Following that, Timothy Geithner, who previously failed to pay the IRS all its due ($25,970.00) now heads up the Treasury Department wwhich also overseesg the IRS. Hey! The guy is sharp, and in our current state of national economic crisis; the "best" man for the job! (End sarcasm)

This was followed by former Democrat Senate Majority Leader Tom Daschle who didn’t pay more than $140,000 in taxes or even bother to report it; he’ll possibly be out next HUD Secretary. His excuse? “I forgot.” Good grief, could you or I get away with a simple “I forgot?” Yet today, Obama’s pick for Performance post, Czarina Nancy Killefer, withdrew her name over a potential income tax problem. (Within hours after I wrote this post, Tom Daschle withdrew his name from contention.) Bully!

“Is this really the message he (Obama) wants to convey (snip), a message that it’s O.K. to break or skirt the law just as long as you’re a good guy with a special skill?” asked Andy Ostroy, a blogger writing on the liberal Huffington Web site.

During the campaign, Candidate Obama said he would not allow former lobbyists in his administration: already he has named at least three, possibly a fourth. His excuse: there are hundreds of posts to be filled and hiring three that are previous lobbyists is not a problem. It is to me President Obama, IF you say you aren't going to hire the first one and then proceed to break your word.

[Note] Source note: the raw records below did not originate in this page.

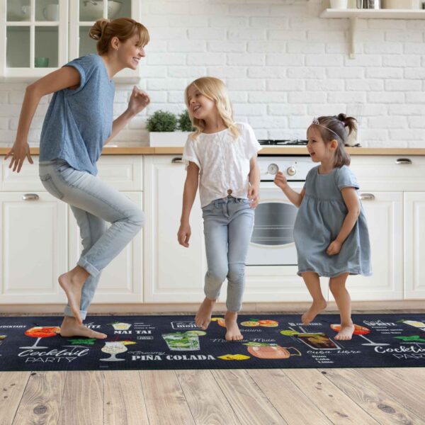 Der Küchenläufer ist modern und pflegeleicht und macht ihn damit zum absoluten Allrounder im gesamten Haus. Egal ob im Flur, im Wohnzimmer oder im Bad, der Läufer ist nicht nur in der Küche einsetzbar. Er schützt den Boden und sorgt durch die rutschfeste Unterseite aus PVC-Weichschaum für ein hohes Maß an Sicherheit. Da der Küchenteppich keine Umkettelung hat, kann man ihn ganz einfach auch im Nachhinein noch an die Gegebenheiten vor Ort anpassen.  Das Obermaterial aus Polyester ist besonders robust und abriebfest, sodass auch bei frequentierter Nutzung der Küchenläufer Ihnen lange Freude bereitet.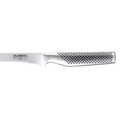 The G-32 is made from forged CROMOVA 18 stainless steel, specially developed by GLOBAL as it holds a razor-sharp and resists rust, stains, and corrosion. Ice tempered and hardened to Rockwell C56-58, each knife is carefully weighted by filling the handles with sand to achieve the optimum weight and perfect balance. Other unique features include its smooth contours and seamless construction which eliminates food and dirt traps offering the ultimate in safety and hygiene. The acute 15-degree angle cutting edge provides unsurpassed performance and superior edge retention.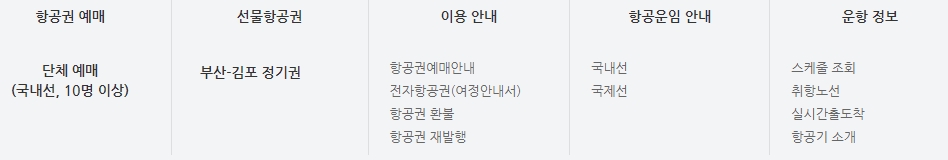 3. 항공권 예약 관련 섹션에서는 단체 예약(국내선 10명 이상), 선물항공권, 전자항공권 이용 안내, 항공권 환불 및 재발행 방법 등이 상세히 제공됩니다. 이를 통해 고객은 간편하게 예약을 관리하고 필요한 정보를 얻을 수 있습니다.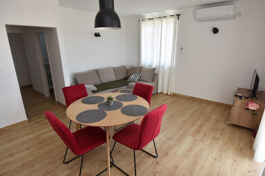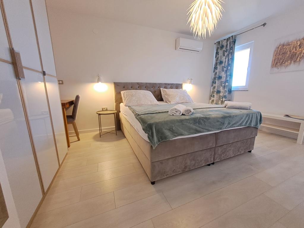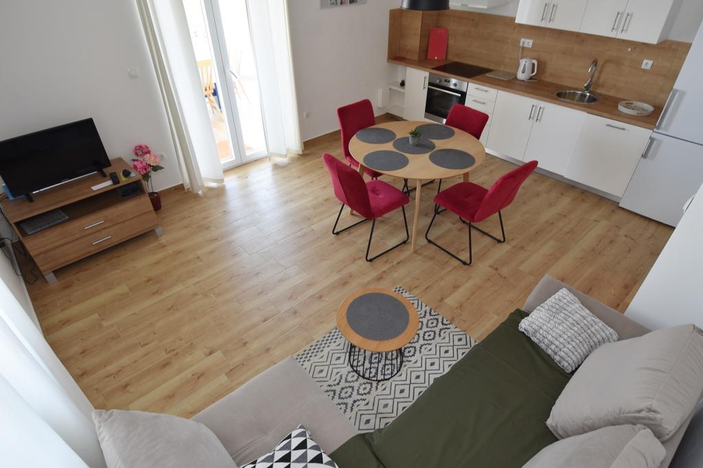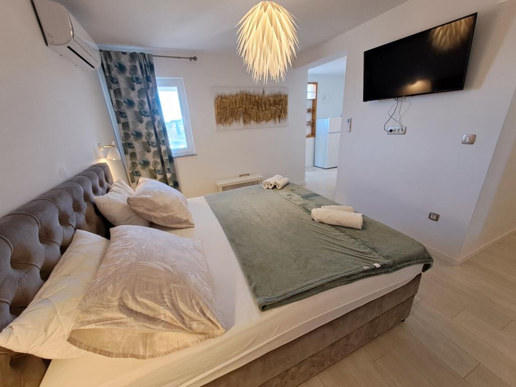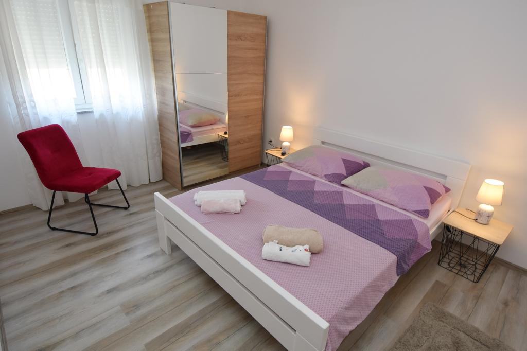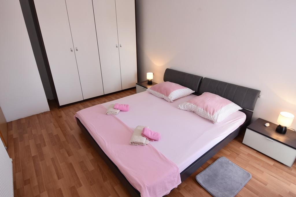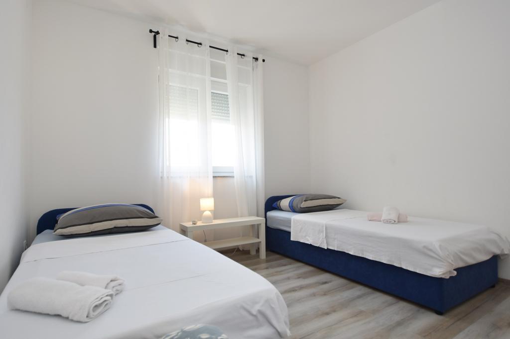 Neu eingerichtete Apartments in ruhiger Lage, nur 5 Gehminuten vom Sandstrand „Slanica“ und 10 Gehminuten vom Zentrum entfernt. Die Apartments bieten Meerblick.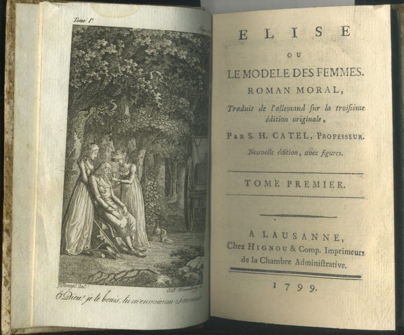 Livre. Nouvelle édition avec figures. (Un frontispice). Roman moral traduit de l’allemand sur la troisième édition originale par S.H. Castel. Chez Hignou, imprimeur, Lausanne, 1799.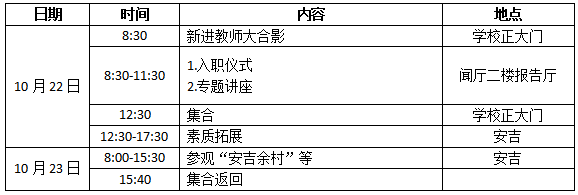 为进一步增强新教师对学校的认同感和归属感,加强新教师对职业身份的认同与职业价值的理解,学校定于10月22日召开2024年度新进专任教师入职培训暨欢迎仪式,现就有关事项通知如下:

Worse, Candidate Obama pledged to ban earmarks from future Congressional bills (AKA “bringin’ home the bacon!” ) yet he doesn’t seem concerned with this massive taxpayer funded “$817 billion (non)-Stimulus” bill being considered in the Senate. (Reportedly, it's getting bigger... worse in other words,)

Change? Same ol’ deceitful crap; different faces. That's the way it appears from my living room.